A universal language

            The scene is starkly different just a few miles from the dump and oppressiveness of the border crossing environment. Upon arriving at the group home, Lindsey, Lauren and Ginger were delighted to see a lovely green space and hear the sounds of children playing. The aroma of a meal being prepared filled the air.

It was here they conducted training sessions from 9 a.m. to 3 p.m. each day with the help of welcoming and resourceful translators. Lindsey noted that while some key words, such as “trauma,” have no precise equivalent in Thai, the interpreters were still able to convey meaning. The Sunrise volunteers engaged house parents in role playing, observed their interactions with the children, offered individualized case-oriented training, and organized recreational activities. Together, they made a human connection that transcended language and cultural context.

“I was nervous about the language barrier. We were presenting master’s-level material to people who hadn’t graduated from high school,” Ginger said. “I felt that within moments there was a bond with the interpreters.”


Learning

Lindsey said cultural competency was one of her greatest concerns in going to Thailand, but soon found that their common humanity minimized cultural differences. The Sunrise volunteers had come from the other side of the world, but quickly recognized some very familiar behaviors among children in the group home, things like reluctance to do homework or spending too much time playing video games.
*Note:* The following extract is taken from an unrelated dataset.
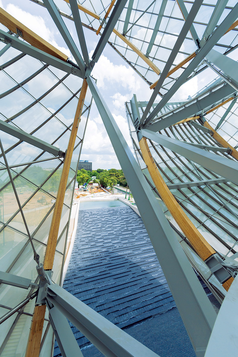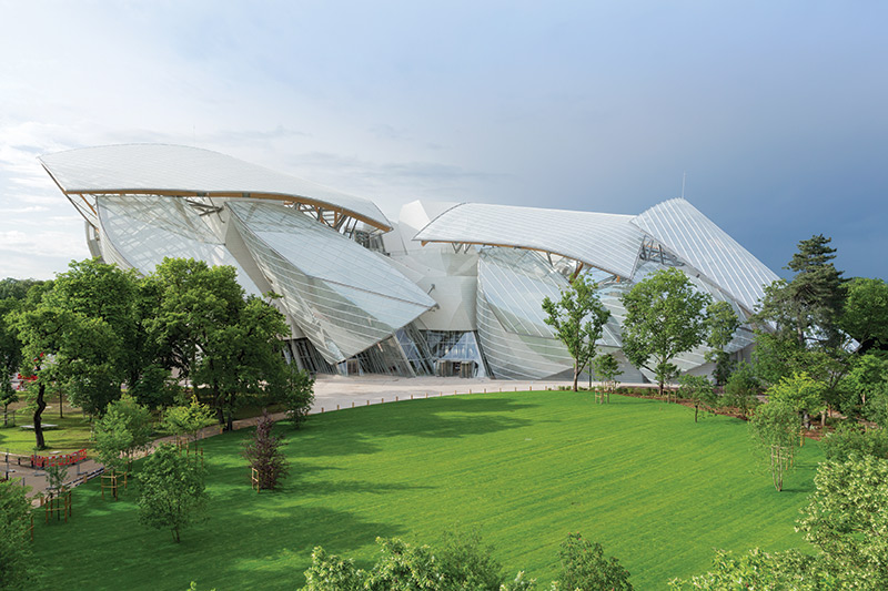A czym ma być? Domem dla słynnej kolekcji dzieł sztuki, gromadzonych latami przez Fundację. Na początek jednak urządzono tam wystawę makiet architektonicznych, stanowiącą podsumowanie wieloletniego dorobku autora i swoisty benefis jego twórczości. W celu zachowania swoistej, politycznej poprawności sam Frank Gehry utrzymuje, że paryski projekt został zainspirowany strukturami Jardin d’Acclimatation (tak nazywa się miejscowy park rekreacji i rozrywki) oraz szklarniami, które stały wcześniej na tym miejscu. Odwołuje się do myśli Marcela Prousta i form Beaux-Arts rodem z XIX-wiecznego Paryża. Gehry twierdzi, że projekt służy dwóm różnym doświadczeniom wizualnym: kameralnemu oglądowi artefaktów wewnątrz i podziwianiu rozległych perspektyw Paryża z tarasów na dachu – łącznie z widokiem na wieżę Eiffla. Na ziemię sprowadza nas dopiero umieszczone nad głównym wejściem logo Fundacji, zaprojektowane w niepozostawiającej wątpliwości formie wysadzanej diamentami broszki.

They were not prepared for the grinding poverty and abysmal living conditions they found, yet the villagers showed tremendous inner strength and the Sunrise volunteers never lacked for sources of inspiration, never felt hopeless or emotionally overwhelmed by the experience. The village’s schools hold the promise of a brighter future, and Life Impact ensures that the children they care for are educated, an important factor since “the number one predictor of whether a kid will make it is if they’re involved in school,” Lindsey said.


Teaching

“The people were so joyful that it energized us,” Lindsey said. “To see the resilience of the kids was heartening.” Teenage girls with “awful” personal backgrounds ministered to hundreds of local women. “They are very happy despite not having much, (and they) love Jesus,” she said.

Witness to God’s work

Today, Lindsey, Lauren and Ginger stay in contact with the group home via email and Skype, offering advice and information. All three hope to return one day soon. In the meantime, they continue to reflect on their visit, an extraordinary opportunity to see God at work in another culture. Lauren characterized it as “supernatural,” something that can’t be explained in conventional terms.

“There are things that only God can do, things that don’t make any sense,” she said. “We work with kids here that experience severe trauma; some of the heartache and emotional damage is so difficult to overcome. We went to Thailand expecting we’d see what we see here, but because of the Christian organizations that have professed the Gospel, their faith and joy sees them through.”